Effectiveness of our residual CNN compared with bilinear interpolation using the Waterloo dataset, along with full images and sub-images from the Foveon X3, which demonstrates that the residual CNN consistently surpasses the bilinear demosaicing method in all evaluated metrics and datasets.
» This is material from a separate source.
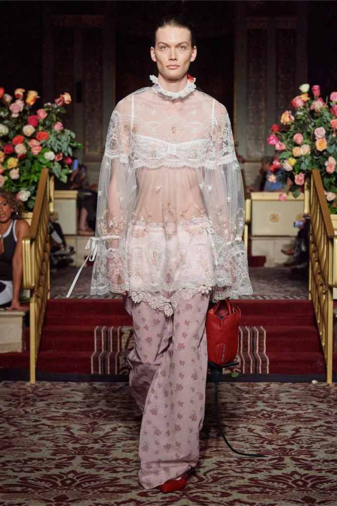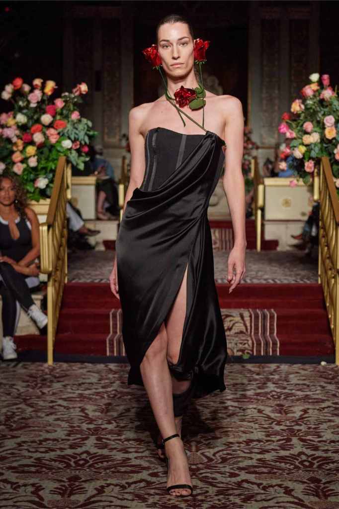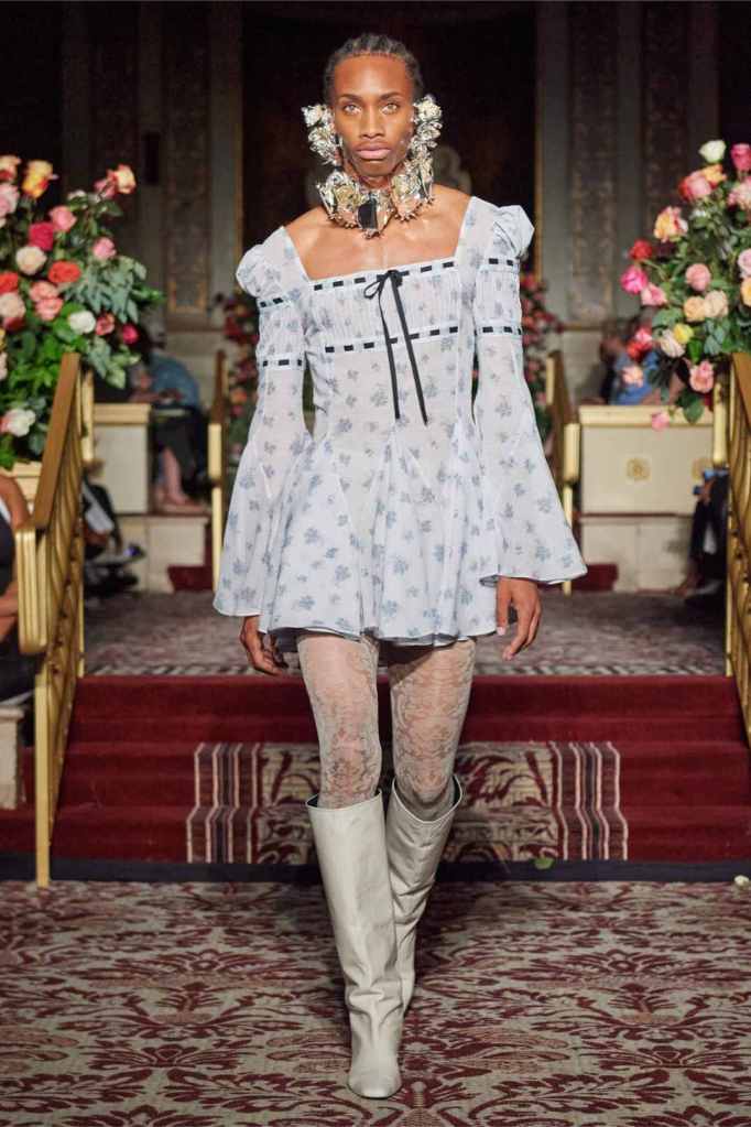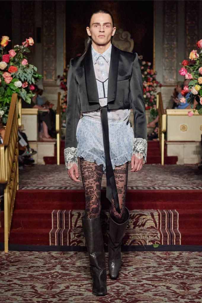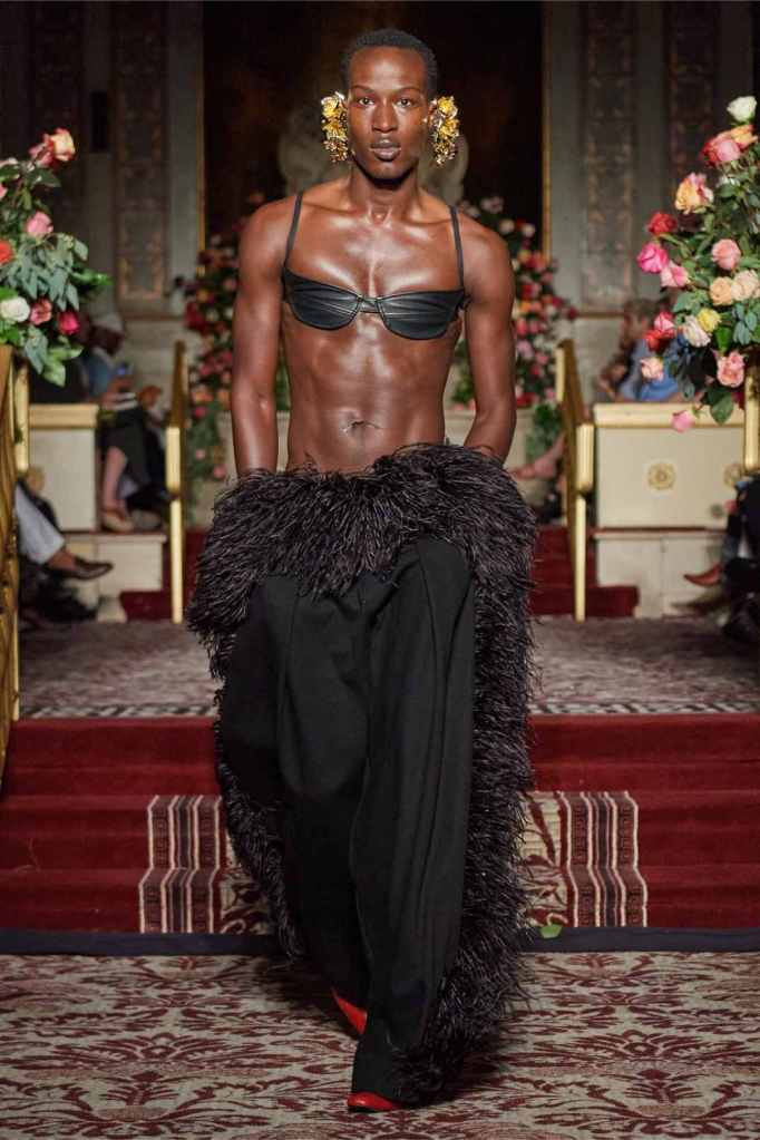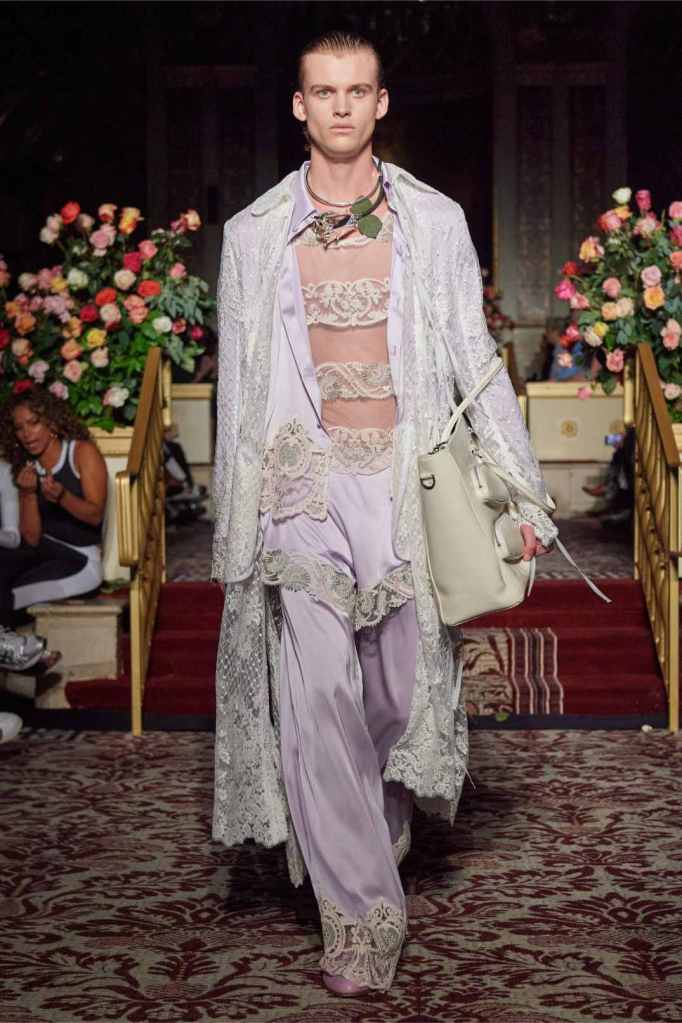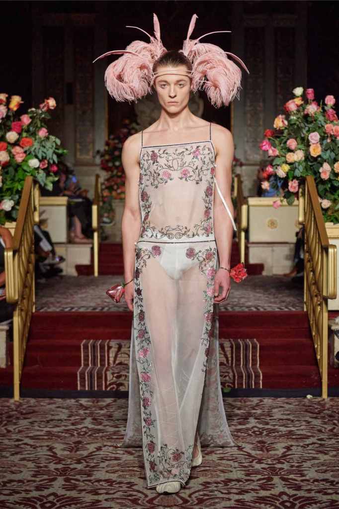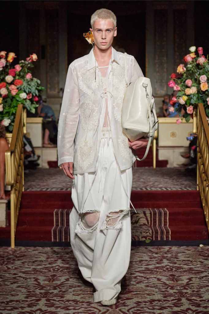 The Plaza’s opulent setting, adorned with roses – the collection flaunted decadent feathered camisoles, lace tanks, and provocative denim shorts. The collection features androgynous creations in crisp white, contrasting lace with denim and leather, and embraces floral motifs, challenging traditional gender boundaries and redefining masculine style tropes.

Metric	Waterloo 100		Foveon X3 full res		Foveon X3 canopy		Foveon X3 façade
Metric	1D bilinear	Residual CNN	1D bilinear	Residual CNN	1D bilinear	Residual CNN	1D bilinear	Residual CNN
PSNR–Vis R (dB)	33.22 ± 3.57	35.97 ± 3.70	29.14	31.39	24.80	26.13	26.38	34.09
PSNR–Vis G (dB)	33.06 ± 3.05	35.81 ± 3.28	29.12	31.32	24.76	26.12	28.66	35.78
PSNR–Vis B (dB)	32.99 ± 2.98	35.67 ± 3.28	29.64	31.98	25.45	26.90	29.75	35.79
MSE–Vis R	0.387 ± 0.316	0.215 ± 0.197	0.660	0.393	2.212	1.626	1.471	0.249
MSE–Vis G	0.360 ± 0.281	0.201 ± 0.194	0.706	0.425	2.250	1.644	1.689	0.327
MSE–Vis B	0.402 ± 0.390	0.234 ± 0.300	0.663	0.387	2.499	1.790	1.601	0.399
% $Δ E$	4.203 ± 1.933	3.120 ± 1.509	7.328	5.076	13.072	11.483	10.349	3.988
% DSSIM	0.138 ± 0.060	0.096 ± 0.058	0.172	0.140	0.216	0.179	0.068	0.025

Focusing on the reconstruction quality of smaller image patches with detailed colors and textures, we analyzed two 200 × 200 pixel patches: one of the building façade and one of the canopy. For these detailed sections, our model still outperformed the baseline but with slightly reduced margins compared with the full-image analysis. Nevertheless, the performance in reconstructing high-contrast details, such as the building façade, was particularly noteworthy, with our model achieving significantly better PSNR, a 79.5% reduction in MSE, and marked improvements in DSSIM and $Δ E$ , underscoring our model’s superior capability in handling images with high-contrast patterns (see Table 1). Comparable improvements in image quality were also noted on the Waterloo image dataset, as detailed in Table 1.

3.2.

Color and NIR Demosaicing on Hexachromatic Images

To broaden the scope of our model to encompass multi-spectrum imaging, we assessed our demosaicing approach using 20 images from the UIUC Color NIR X3 dataset, published by Blair and Gruev.³¹ These images were captured with a custom camera equipped with both short-pass and long-pass filters, selectively blocking the NIR and visible spectrums, respectively. This setup, featuring a sensor with three vertically stacked photodiodes per pixel, enables the generation of unmosaiced ground truth images in both the visible and NIR spectrums by alternating the filters at a 700 nm threshold.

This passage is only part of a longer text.